··· Provided records

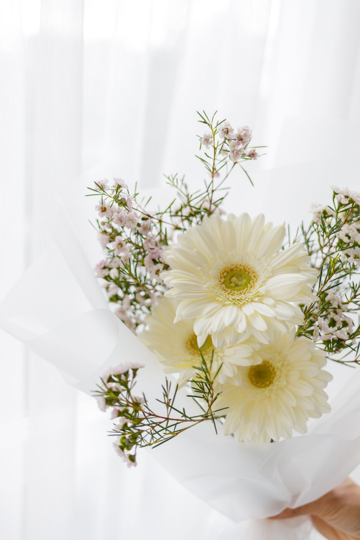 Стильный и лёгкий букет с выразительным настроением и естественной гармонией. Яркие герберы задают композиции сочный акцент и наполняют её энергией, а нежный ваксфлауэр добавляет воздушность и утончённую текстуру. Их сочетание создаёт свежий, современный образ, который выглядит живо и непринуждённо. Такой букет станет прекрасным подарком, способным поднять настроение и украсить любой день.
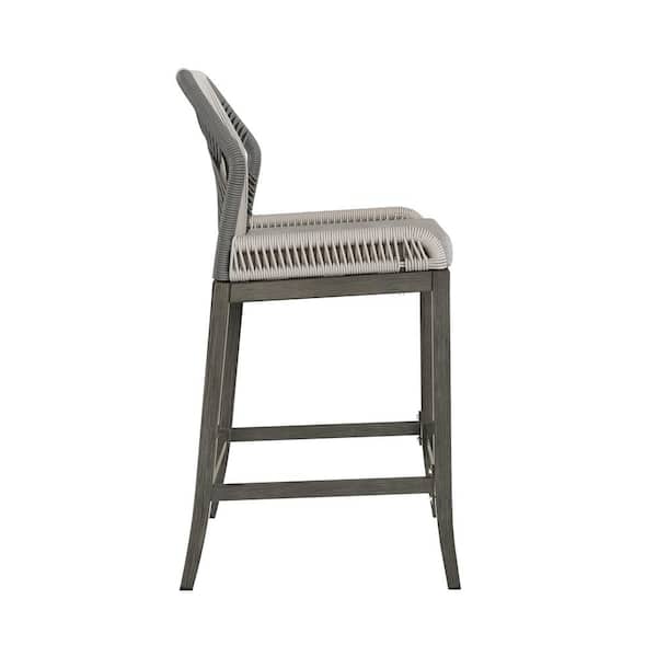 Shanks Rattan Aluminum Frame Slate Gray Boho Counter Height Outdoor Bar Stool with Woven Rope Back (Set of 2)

······
··· Provided records

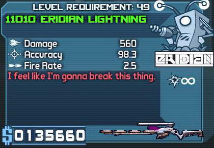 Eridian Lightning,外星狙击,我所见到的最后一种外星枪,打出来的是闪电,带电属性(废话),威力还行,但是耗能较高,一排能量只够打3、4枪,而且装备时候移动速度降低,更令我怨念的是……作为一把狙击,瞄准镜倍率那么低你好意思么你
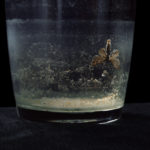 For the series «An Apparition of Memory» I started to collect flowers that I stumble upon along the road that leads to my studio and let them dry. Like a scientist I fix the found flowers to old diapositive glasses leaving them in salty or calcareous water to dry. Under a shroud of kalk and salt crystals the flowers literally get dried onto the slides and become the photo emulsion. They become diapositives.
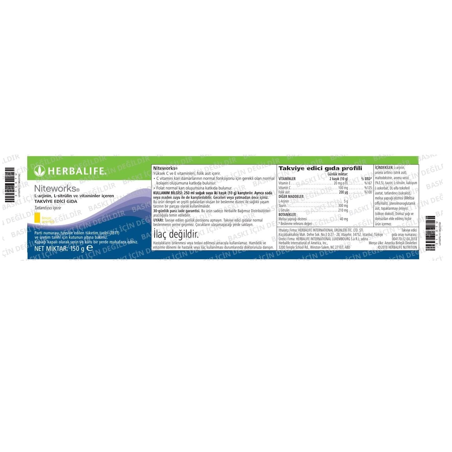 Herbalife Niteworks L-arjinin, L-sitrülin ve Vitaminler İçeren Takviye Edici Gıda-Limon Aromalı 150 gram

······
··· Provided records

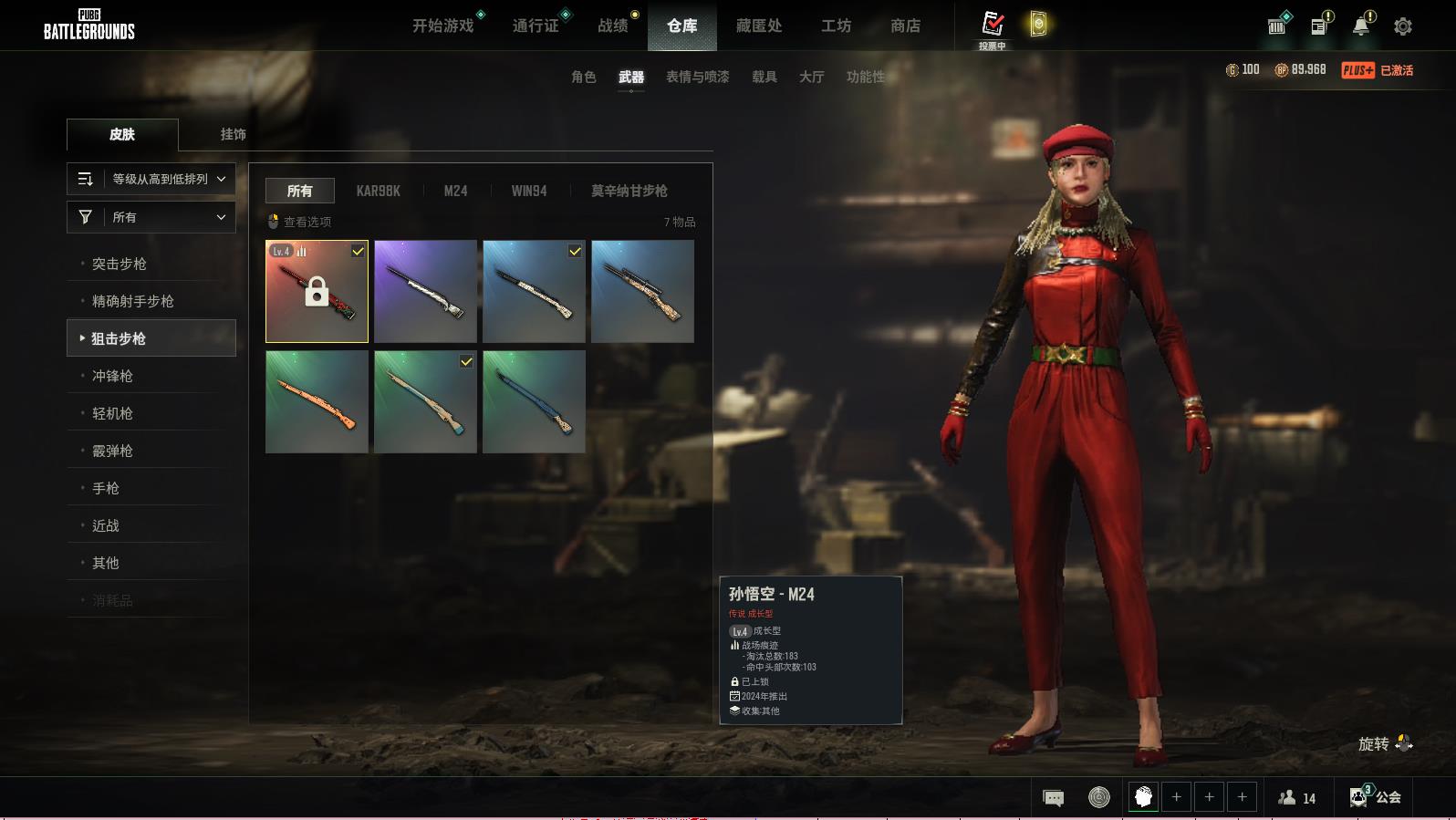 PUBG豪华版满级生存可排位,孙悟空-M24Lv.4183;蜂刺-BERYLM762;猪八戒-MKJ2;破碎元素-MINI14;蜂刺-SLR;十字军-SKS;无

······

The task
Although pictures appear among the records above, none are to be output; print exactly the lines from the line containing "Eridian Lightn" through the line containing "Herbalife Niteworks L-arjinin, L-sitrülin".

Answer to this exercise
 Eridian Lightning,外星狙击,我所见到的最后一种外星枪,打出来的是闪电,带电属性(废话),威力还行,但是耗能较高,一排能量只够打3、4枪,而且装备时候移动速度降低,更令我怨念的是……作为一把狙击,瞄准镜倍率那么低你好意思么你
 For the series «An Apparition of Memory» I started to collect flowers that I stumble upon along the road that leads to my studio and let them dry. Like a scientist I fix the found flowers to old diapositive glasses leaving them in salty or calcareous water to dry. Under a shroud of kalk and salt crystals the flowers literally get dried onto the slides and become the photo emulsion. They become diapositives.
 Herbalife Niteworks L-arjinin, L-sitrülin ve Vitaminler İçeren Takviye Edici Gıda-Limon Aromalı 150 gram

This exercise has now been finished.